It’s going to be a case of Jailhouse Rock for a Missouri woman has been sentenced to more than four years in federal prison for scheming to defraud Elvis Presley’s family by trying to auction off his Graceland home and property before a judge halted the brazen foreclosure sale.
Now a museum, the Memphis attraction welcomes about 650,000 visitors a year and is listed in the U.S. National Register of Historic Places – the first site recognized for significance related to rock music.
U.S. District Judge John T. Fowlkes Jr. sentenced Lisa Jeanine Findley in federal court in Memphis on Tuesday to four years and nine months behind bars, plus an additional three years of probation.

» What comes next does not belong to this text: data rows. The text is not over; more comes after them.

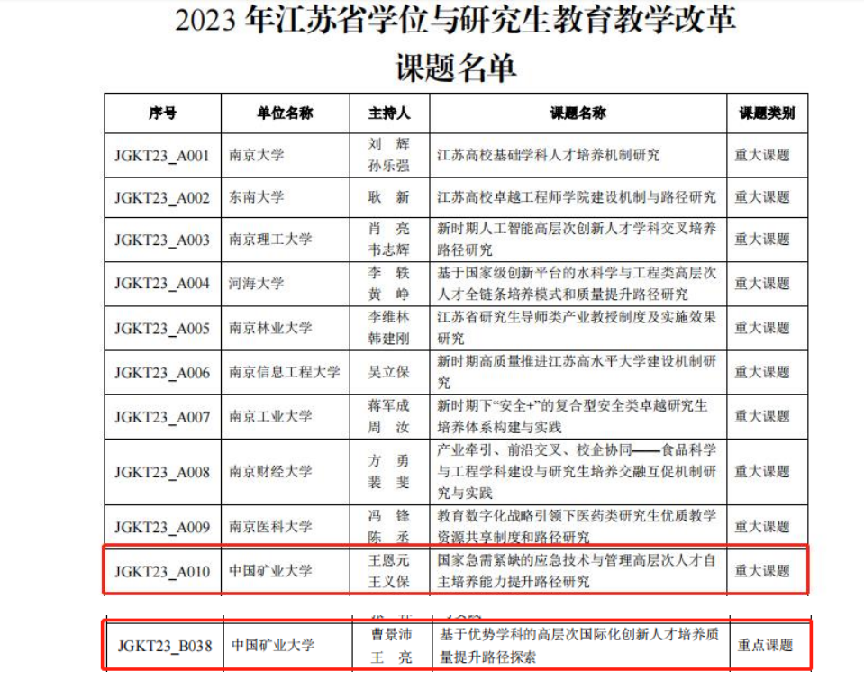 研究生教育教学改革课题由江苏省学位办、江苏省教育厅主办,旨在增强研究生导师和管理人员专业发展水平和管理研究能力,推动我省研究生教育高质量创新发展。此次申报过程中,多名青年骨干教师参与了申报材料编写和评审答辩准备工作中,其中安伟光、王青祥、张超林、栗硕豪等分别在重大、重点课题里面承担了子课题建设任务。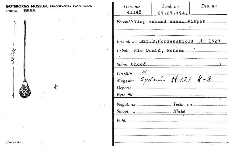 • GOTEBORGS MUSEUM, ETNOGRAFISKA AVDELNINGEN ETNOGR. XiRgdg Gen. n:r 41145 Saml. n:r 2'7.2'7.174. Dep. n:r Föremål: Vi.s.p...marme.d....c.a.c.a.o....v.is.pas •Insaml. av: .Exp.E.Nordenskiäld Ar: 1927 Lo... Visa hela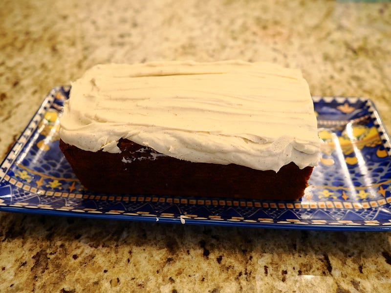 So, while that was my afternoon, my wife (baker extraordinaire) was busy in her kitchen with yet another new recipe. This was a combination of carrot cake and cinnamon roll with a cream cheese frosting. Oh my lord was it good when I had a small bite last night. I’ll have to post the recipe, but it really turned out great.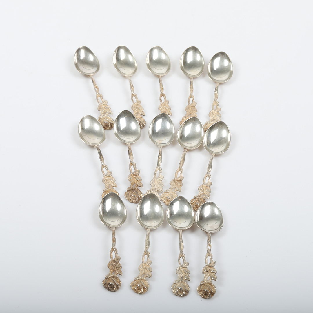 4259913. MOCKASKEDAR, 14 stycken, "Rosen", silver, Gewe.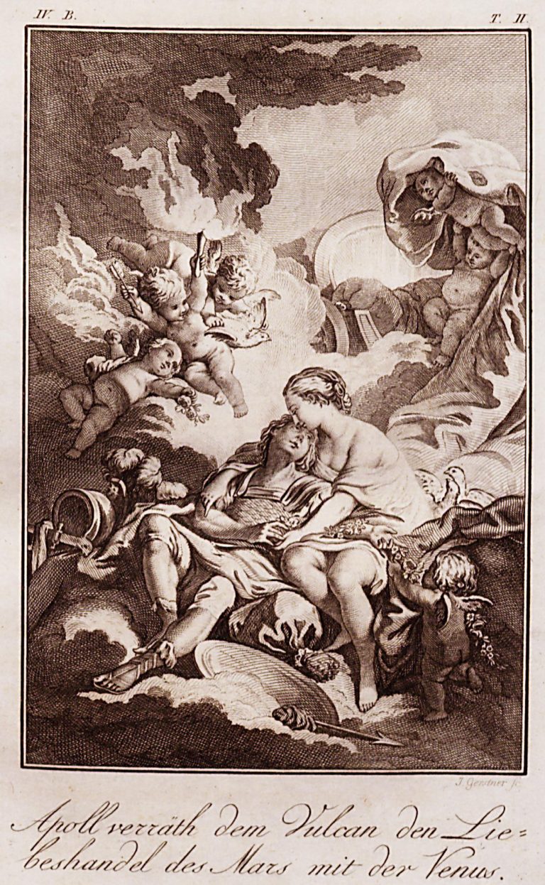 Pod rytinou německý text Apoll verräth dem Vulcan den Liebeshandel des Mars mit der Venus., nahoře označení IV. B. T. II.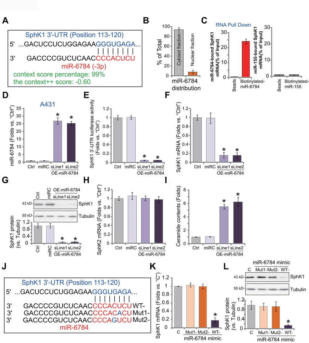 To our knowledge miR-6784 is a relatively novel miRNA with its functions largely unknown. Here, we found that miR-6784 is a novel SphK-targeting miRNA in skin SCC cells. miR-6784 is located at the cytoplasm of skin SCC cells and it binds directly to SphK1 mRNA. In established and primary skin SCC cells, SphK1’s 3-UTR activity, as well as its mRNA and protein expression, decreased following the overexpression of miR-6784. Conversely, antagomiR-6784-mediated miR-6784 silencing elevated SphK1 mRNA and protein. Importantly, the mutant miR-6784 mimics, with mutations at the SphK1’s 3-UTR-binding sites, failed to inhibit SphK1 expression. Therefore, miR-6784 directly binds to and silences SphK1 in skin SCC cells.

Findley, 54, pleaded guilty in February to a charge of mail fraud related to the scheme. She also had been indicted on a charge of aggravated identity theft, but that charge was dropped as part of a plea agreement.
Findley falsely claimed Presley’s daughter borrowed $3.8 million from a bogus private lender and had pledged Graceland as collateral for the loan before her death in January 2023, prosecutors said when Findley was charged in August 2024. She then threatened to sell Graceland to the highest bidder if Presley’s family didn’t pay a $2.85 million settlement, according to authorities.
Findley posed as three different people allegedly involved with the fake lender, fabricated loan documents and published a fraudulent foreclosure notice in a Memphis newspaper announcing the auction of Graceland in May 2024, prosecutors said. A judge stopped the sale after Presley’s granddaughter sued.
Experts were baffled by the attempt to sell off one of the most storied pieces of real estate in the country using names, emails and documents that were quickly suspected to be phony.
Fowlkes, the judge, said it would have been a “travesty of justice” if the sale had been completed.
“This was a highly sophisticated scheme to defraud,” he said.
Graceland opened as a museum and tourist attraction in 1982. A large Presley-themed entertainment complex across the street from the museum is owned by Elvis Presley Enterprises. Presley died in August 1977 at the age of 42.